Pharmacien-inspecteur assermenté et officier de Police judiciaire, Dr Moussa Diallo occupe une position stratégique au cœur de la sécurité sanitaire nationale. Directeur de l’Inspection, de la surveillance du marché et des vigilances à l’Arp, il est également une figure de proue de la lutte contre les faux médicaments en tant que président de la Commission des opérations. Evaluateur principal pour l’Oms (normes Gbt), cet expert pluridisciplinaire a dirigé l’équipe des enquêteurs au niveau de l’usine de Softcare au cœur de la controverse à cause de ses produits hygiéniques. Dans cet entretien, Dr Diallo détaille les péripéties de cette enquête, les pressions «subies».

Dans le cadre de l’affaire Softcare, comment est-il possible qu’il y ait eu ces avis contradictoires au niveau de l’Arp par rapport à l’avis des inspecteurs ? Et comment a-t-il pu y avoir ce désaveu de la part de votre direction et de vos responsables ? 
Merci d’abord pour l’intérêt que vous portez à cette affaire. Je salue aussi cette démarche d’aller vers les bonnes personnes pour avoir la bonne information. Alors, d’abord il n’y a pas de communiqué contradictoire. Ça, il faut que je le dise d’emblée. Si les deux communiqués émanaient d’un seul service, on aurait pu dire que c’était contradictoire, mais ce n’est pas le cas.
Ce qui s’est passé, c’est que je suis allé faire une inspection avec mes collègues. Et après, nous sommes revenus pour faire un rapport. Après le rapport, nous avons communiqué sur les éléments que nous avons notés. A savoir qu’il y avait des manquements, notamment des manquements critiques. Et parmi ces manquements critiques, il y avait la présence de matières premières périmées dans le processus de fabrication.
A l’issue de ça, nous avons rédigé un communiqué qui a même été soumis au Dg de la Pna, qui est d’ailleurs signataire du communiqué. Après cela, on est restés même pas une semaine, et Softcare a dit qu’ils avaient corrigé. Moins d’une semaine après, ils nous ont dit : «Non, non, c’est fait.» Ensuite, ils sont venus pour discuter avec la hiérarchie pour que moi, je retourne faire une inspection en urgence. J’ai dit qu’il n’y avait pas de soucis. Vu l’ampleur de l’affaire, et connaissant à qui j’avais affaire, j’ai demandé à la gendarmerie de me devancer sur les lieux.

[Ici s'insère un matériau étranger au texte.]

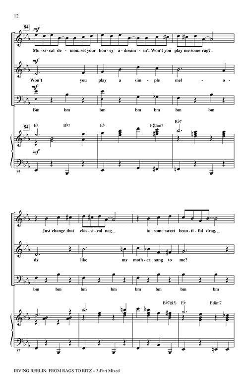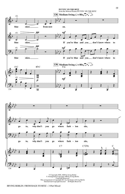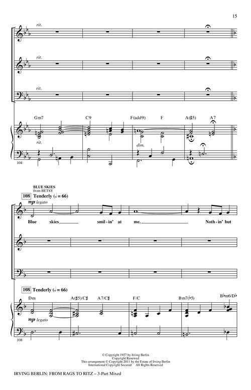 Celebrate the 100th anniversary of Irving Berlin's classic Alexander's Ragtime Band with this medley of four of his all-time greatest hits arranged for choir, band and strings! A fantastic closer or festival feature, it includes: Alexander's Ragtime Band, Blue Skies, Play a Simple Melody, Puttin' on the Ritz. Available separately: SATB, 3-Part Mixed, 2-Part, ShowTrax CD, Concert Band (Grade 3), String Pak. Duration: ca. 4:35.
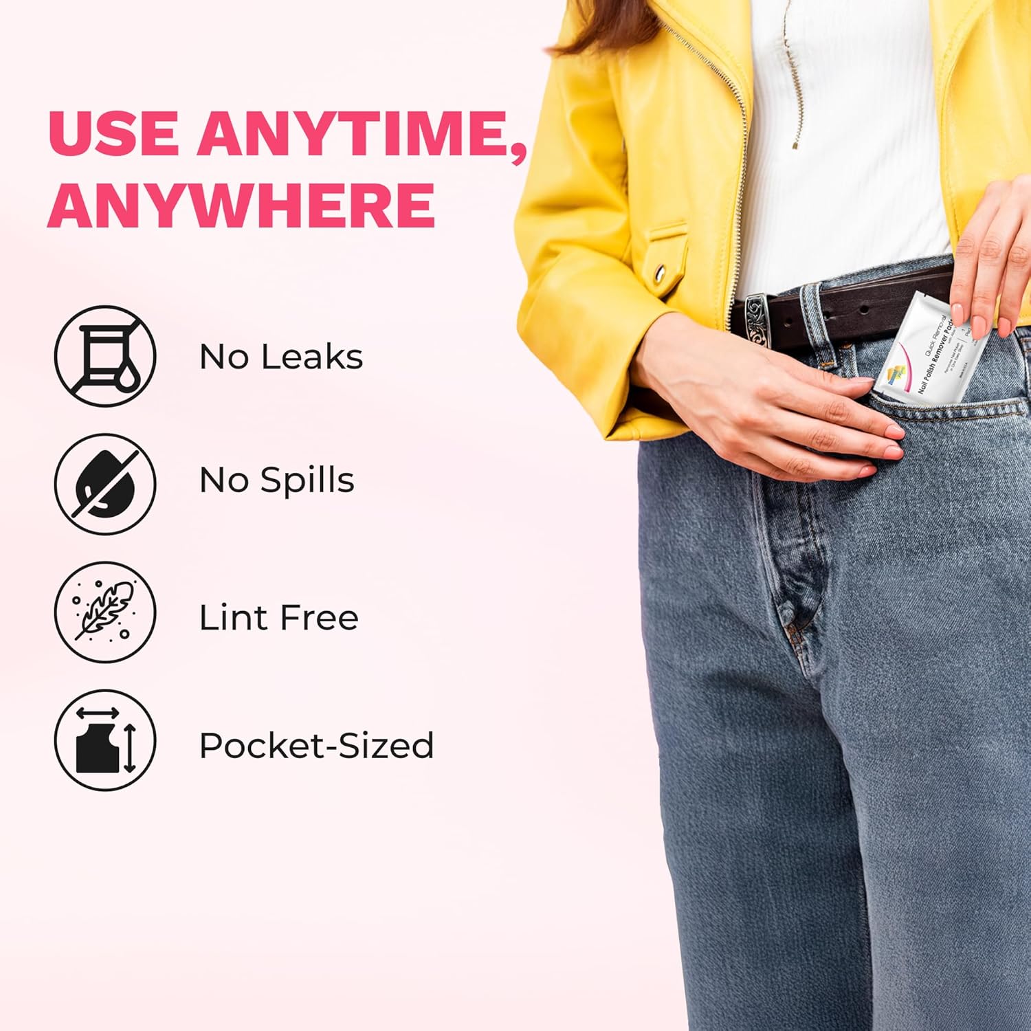 - CONVENIENT - These nail polish remover pads individually wrapped are easy to carry and use anytime and anywhere. Pack it for your everyday and as a travel nail polish remover.
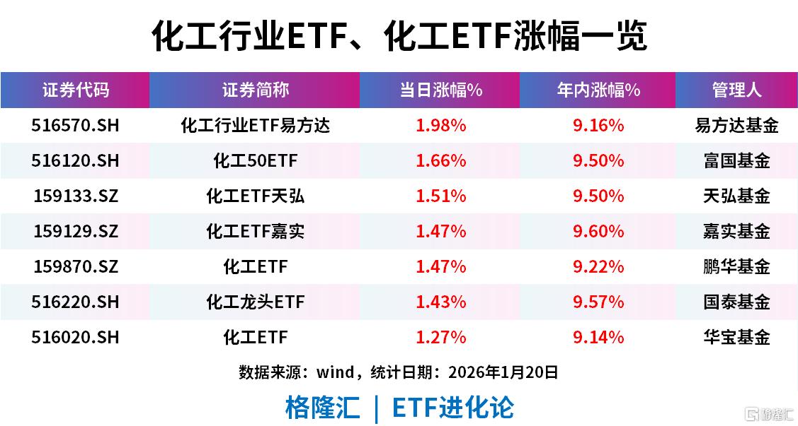 化工板块市场表现 - 2026年1月20日,化工板块继续上攻,反映板块整体走势的化工ETF(516020)盘中场内价格最高涨幅达到1.7%,收盘涨1.27%,收盘价续创2022年8月以来新高 [1][9] - 当日成份股中,涂料、氮肥、石化等板块部分个股涨幅居前,三棵树涨停,鲁西化工飙涨8.89%,卫星化学、恒力石化、彤程新材等涨超6% [1][10] - 自2025年年初至2026年1月20日,化工ETF(516020)标的指数细分化工指数累计涨幅达54.34%,显著跑赢同期上证指数(22.73%)和沪深300指数(19.92%) [2][3][11][13] 资金流向与产品动态 - 化工ETF(516020)近期大举吸金,截至2026年1月19日,近5个交易日有4日获资金净申购,合计净申购额超5.8亿元;近10个交易日有9日获净申购,合计净申购额超11亿元 [4][12] - 化工ETF(516020)跟踪中证细分化工产业主题指数,成份股覆盖AI算力、反内卷、机器人、新能源等热门主题,近5成仓位集中于万华化学、盐湖股份等大市值龙头股,其余5成仓位布局磷肥及磷化工、氟化工、氮肥等细分领域龙头股 [5][14] 行业政策与宏观环境 - 2026年1月14日,工信部等五部门制定《关于开展零碳工厂建设工作的指导意见》,目标到2030年将零碳工厂建设逐步拓展至石化化工等行业,探索传统高载能产业脱碳新路径 [4][12] - 该政策分析指出,石化化工行业新增产能将受限,新建或改扩建项目或需进行碳排放评估,部分地区可能实行“碳排放总量控制”下的配额前置审批,高碳排工艺路线(如煤化工、石油化工)或面临更严格限制,碳交易机制预计将增加企业成本,加速高碳落后产能出清 [4][12] 机构观点与行业周期 - 天风证券指出,从全行业数据看,固定资产完成同比增速在2025年6月进入负值区间,根据历史情况,化工PPI往往滞后约12个月转正,本轮PPI逐步进入周期低点,在2026-2027年“反内卷”、“稳增长”等政策助推下,经济走出谷底、企业盈利底部确认概率较高 [5][13] - 华鑫证券指出,从化工行业三季报业绩表现看,行业整体仍处于弱势,各细分子行业业绩涨跌不一,主要受过去两年产能扩张进入新一轮产能周期以及需求偏弱影响,但部分子行业如润滑油表现超预期,建议重视草甘膦、化肥、进口替代、纯内需、高股息资产等方向投资机会 [5][14] 历史业绩数据 - 细分化工指数近5个完整年度涨跌幅分别为:2021年涨15.72%,2022年跌26.87%,2023年跌23.17%,2024年跌3.83%,2025年涨41.09% [3][11]
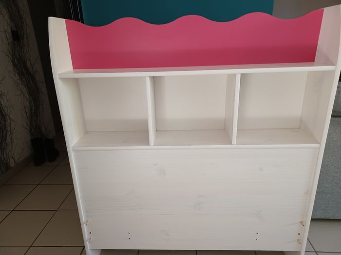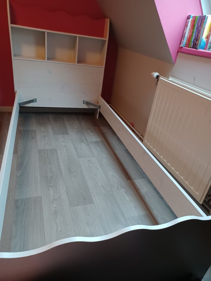 Chambre fille Lit avec tête de lit, niche intégrées Table de nuit Armoire avec un côté penderie avec une étagère Un côté avec 3 niches, 2 tiroirs et un miroir
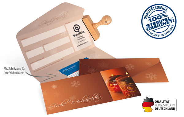 - in Kuvert-Faltform mit Schlitzung für Ihre Visitenkarte
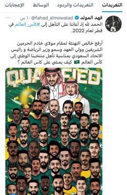 ونشر فهد المولد، لاعب المنتخب السعودي، صورة للاعبي المنتخب يتوسطهم وزير الرياضة الأمير عبد العزيز بن تركي الفيصل، معلقًا: «الحمد لله إذ أعاننا على التأهل إلى ⁧‫ # كأس_العالم‬⁩ في قطر لعام 2022. أرفع خالص التهنئة لمقام مولاي خادم الحرمين الشريفين وولي العهد وسمو وزير الرياضة ورئيس الاتحاد السعودي بمناسبة تأهل منتخبنا الوطني إلى كأس العالم 🇸🇦 كيف يمشي على كأس العالم؟».
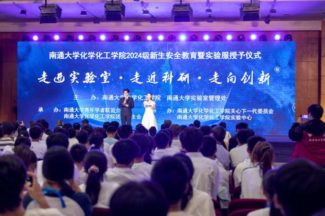 10月19日下午,我院“走进实验室·走近科研·走向创新”2024级新生安全教育暨实验服授予仪式大学生活动中心成功举行。活动由学院、实验室管理处和青年学者联谊会联合举办,南通大学党委研究生工作部、学生工作部(学生工作处)、校团委、科学技术处、国有资产管理处(实验室管理处)等职能部门领导,校青年学者联谊会教师代表以及兄弟学院实验中心主任应邀参加活动。
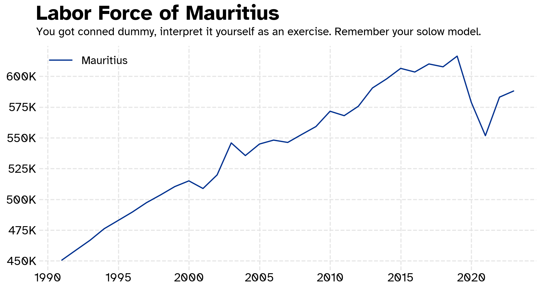 df2 = wb.data.DataFrame(['SL.TLF.TOTL.IN'],['MUS'],time=range(1960, 2024, 1), labels=True,numericTimeKeys=True)df2.set_index('Country', inplace=True)df2 = df2.Tdf2.plot(figsize=(11,5))plt.gca().yaxis.set_major_formatter(reformat_k)plt.legend(loc='best',fontsize=14)opinionated.set_title_and_suptitle('Labor Force of Mauritius','You got conned dummy, interpret it yourself as an exercise. Remember your solow model.')
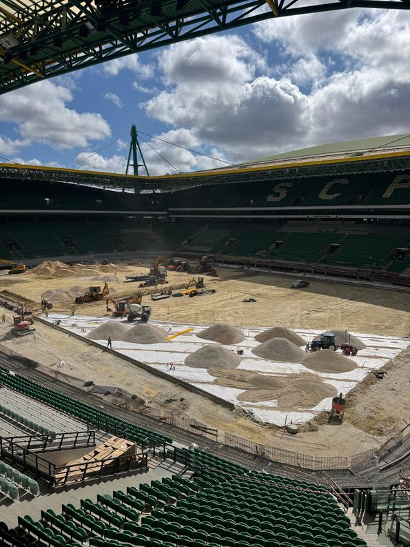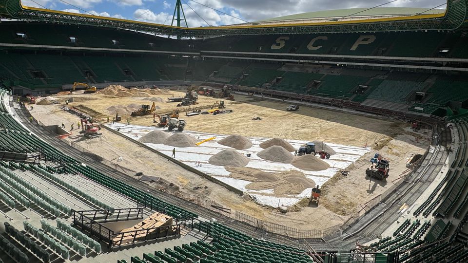 A Bola meteu uma foto agora onde se vê que o fosso está todo fechado e já estão a tratar do relvado. Não consigo sacar a foto
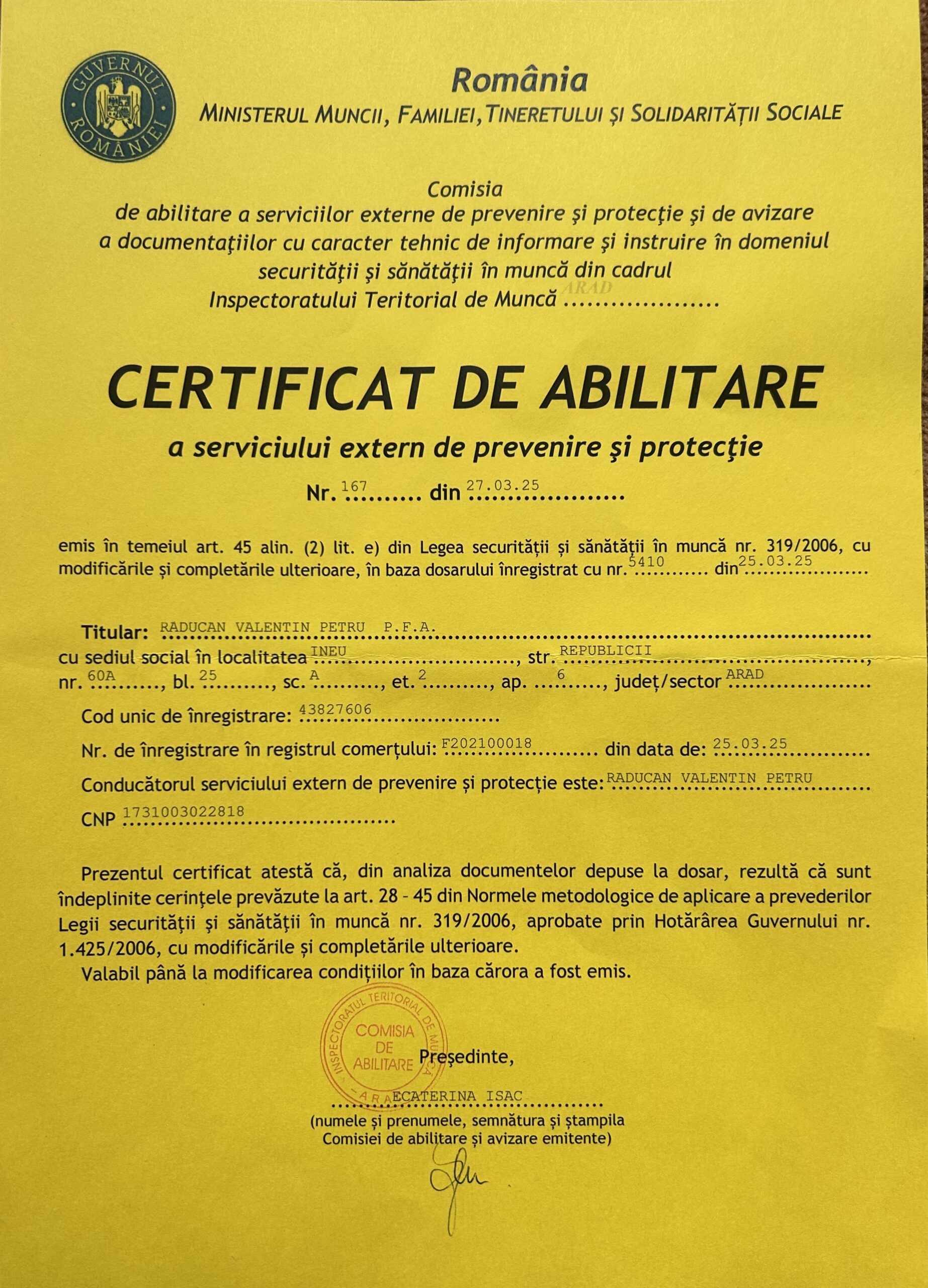 Serviciu extern de prevenire și protecție abilitat cu Certificat de abilitare nr. 167/27.03.2025 și
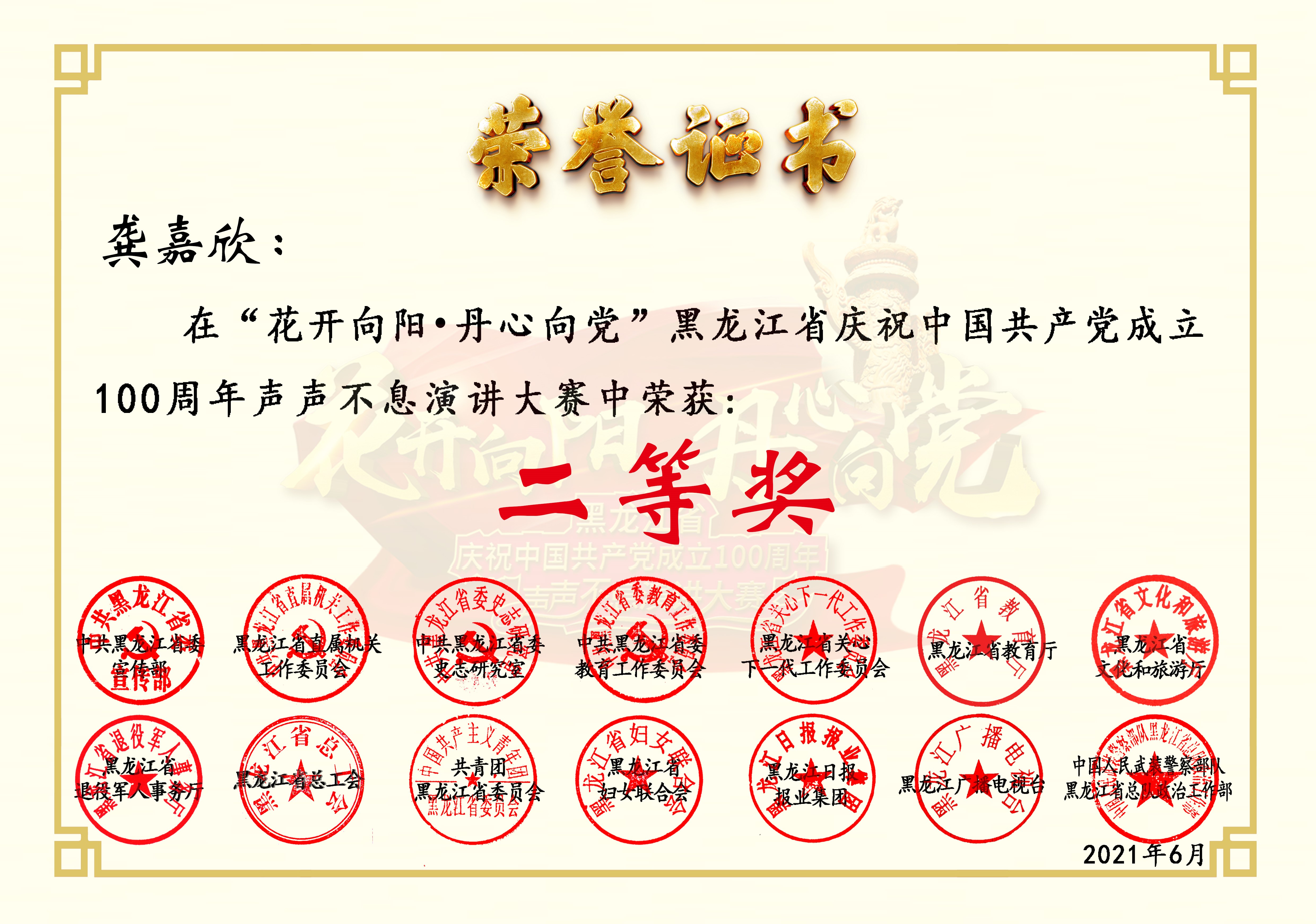 “花开向阳·丹心向党”黑龙江省庆祝中国共产党成立100周年声声不息演讲大赛是由省委宣传部、省直机关工委、省委史志研究室、省委教育工委、省关工委、省教育厅、省文旅厅、省退役军人事务厅、省总工会、团省委、省妇联、黑龙江日报报业集团、黑龙江广播电视台、武警黑龙江省总队政治工作部联合举办,为隆重庆祝中国共产党成立100周年,充分展示中国共产党在内忧外患中诞生,在磨难挫折中成长,在攻坚克难中壮大, 从胜利走向胜利的伟大历程,在全省范围内开展的演讲大赛,该大赛得到了全省各界的广泛响应。
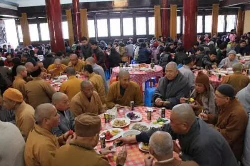 终于开饭了。师父先作了一个简短的致辞,感谢大家一年来对寺庙的关心、支持,并对大家给予良好的祝福。话音落定,大家就动起手来。
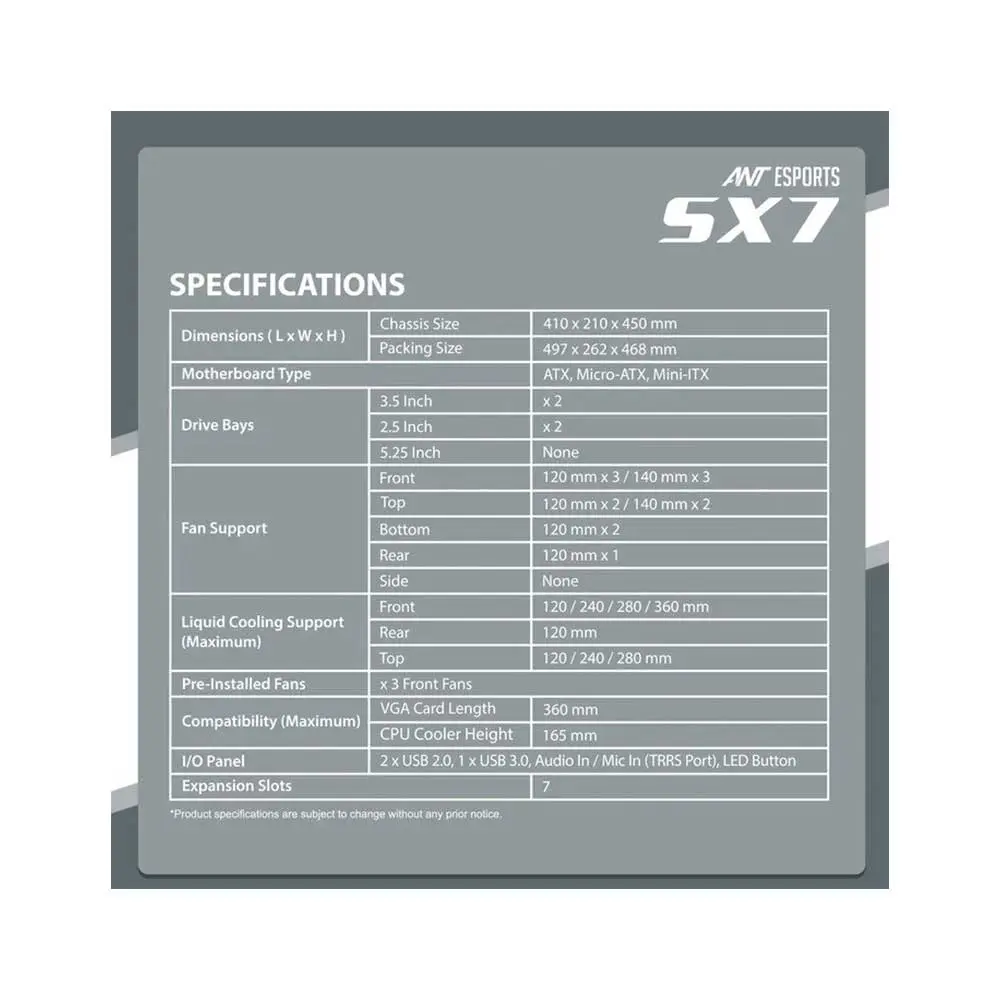 The Ant Esports SX7 is tailored made to bring together rugged looks, high airflow performance and solid build quality in one single package. Designed to house up to ATX size motherboards, makes it the ideal choice for serious gamers looking to build a high-performance system.
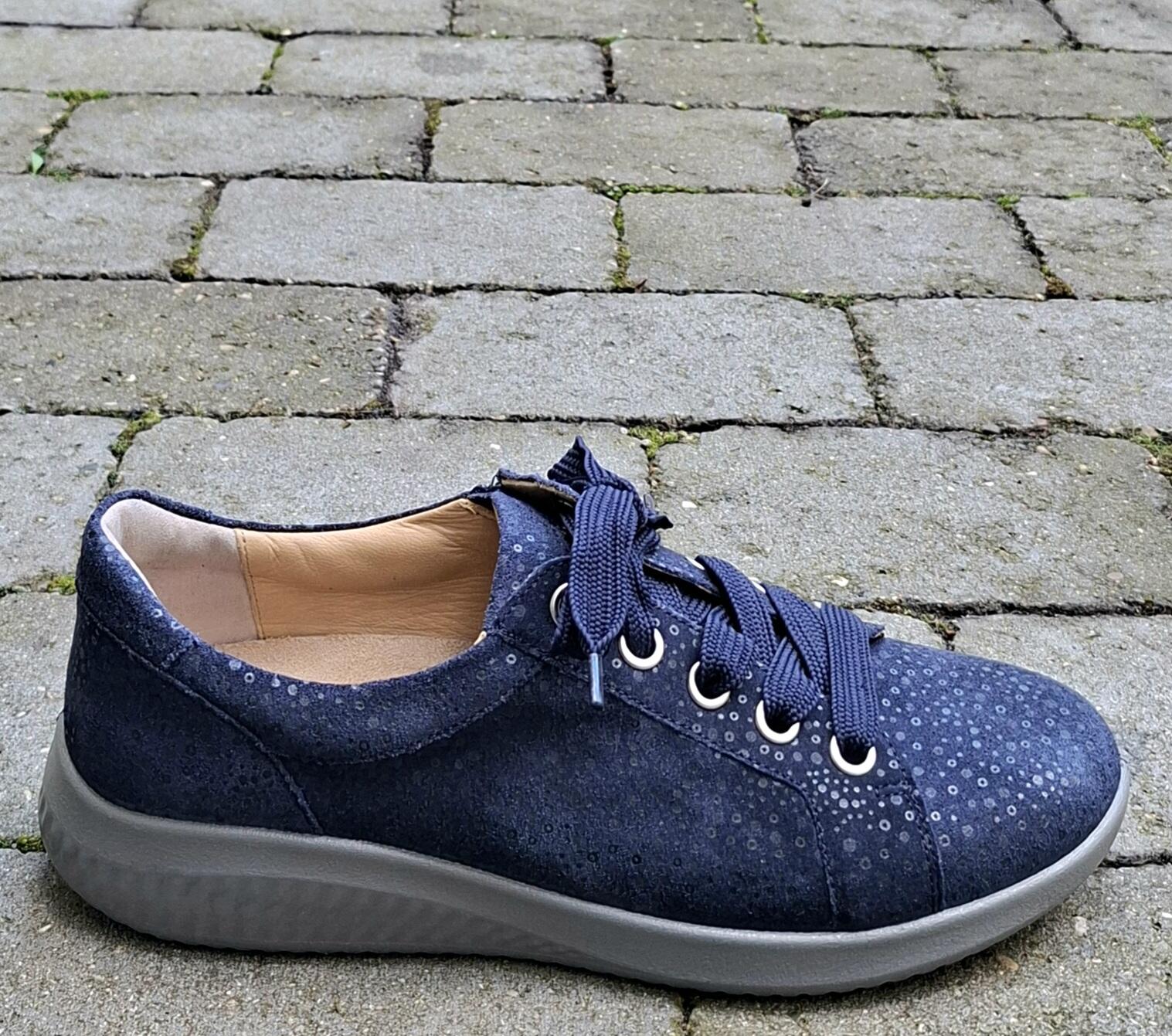Blå snøresko til dig der søger ekstra bredde på dine sko. Skoen er komfortabel med brugbar lynlås og løs indvendig sål. En hverdagssko med masser af komfort til dine fødder. Vidde K
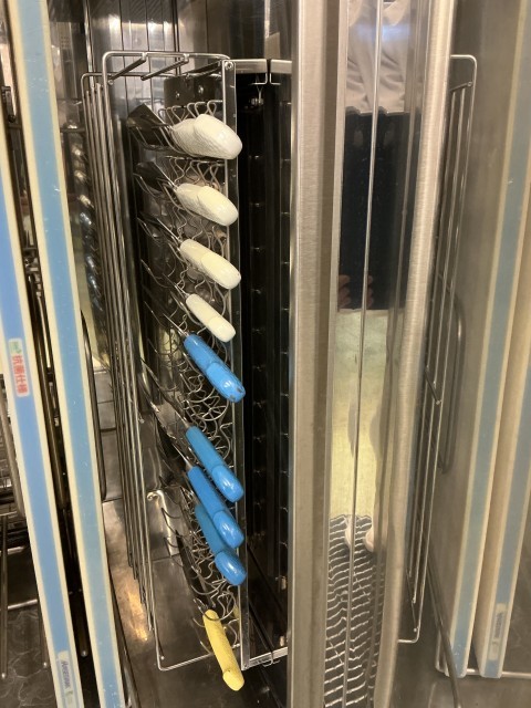 ※写真2枚目は給食を調理する時に使っている包丁です。作業ごとに使う色が決まっています。白は果物など生のまま食べる用、水色は調理する前(カレーやサラダに使う野菜)用、黄色は納品された野菜などの皮やヘタを切る用です。

La gendarmerie ? Est-ce à dire que vous aviez des doutes par rapport à cela ?
C’est qu’ils étaient venus d’abord pour chercher à me corrompre, mais cela n’est pas passé. Ce n’est pas la première inspection. La première, c’était en janvier 2024. J’étais inspecteur-chef de service. Je n’étais pas encore directeur. La deuxième inspection s’est faite le 29 octobre 2025. Et là, j’étais déjà directeur. La dernière inspection s’est faite le 16 décembre 2025.

Donc, cette fois, à ma grande surprise, je vais pour faire la deuxième inspection, je retrouve exactement la même chose. Et comme j’avais pris la peine de me faire accompagner par la gendarmerie, nous avons tous constaté la présence de ces matières premières périmées sur le site. Ils les avaient sorties du magasin, les ont mises un peu à l’écart, pour me dire qu’ils allaient les détruire. Nous avons fait le tour de l’usine et constaté que rien n’a changé. Nous ne nous attendions d’ailleurs pas à un changement parce que ce n’est pas en moins d’une semaine qu’on peut changer les choses. Ce qu’ils avaient fait, c’était de retirer les 1300 kg du magasin de stockage pour les mettre à l’écart, juste à côté, même pas dans une zone d’isolation. Avec la gendarmerie, on leur a fait comprendre que ce n’est pas approprié, et on leur a demandé d’enlever et de détruire ces produits. Parce qu’une telle quantité de produits, 1300 kg, ne peut pas être consommée !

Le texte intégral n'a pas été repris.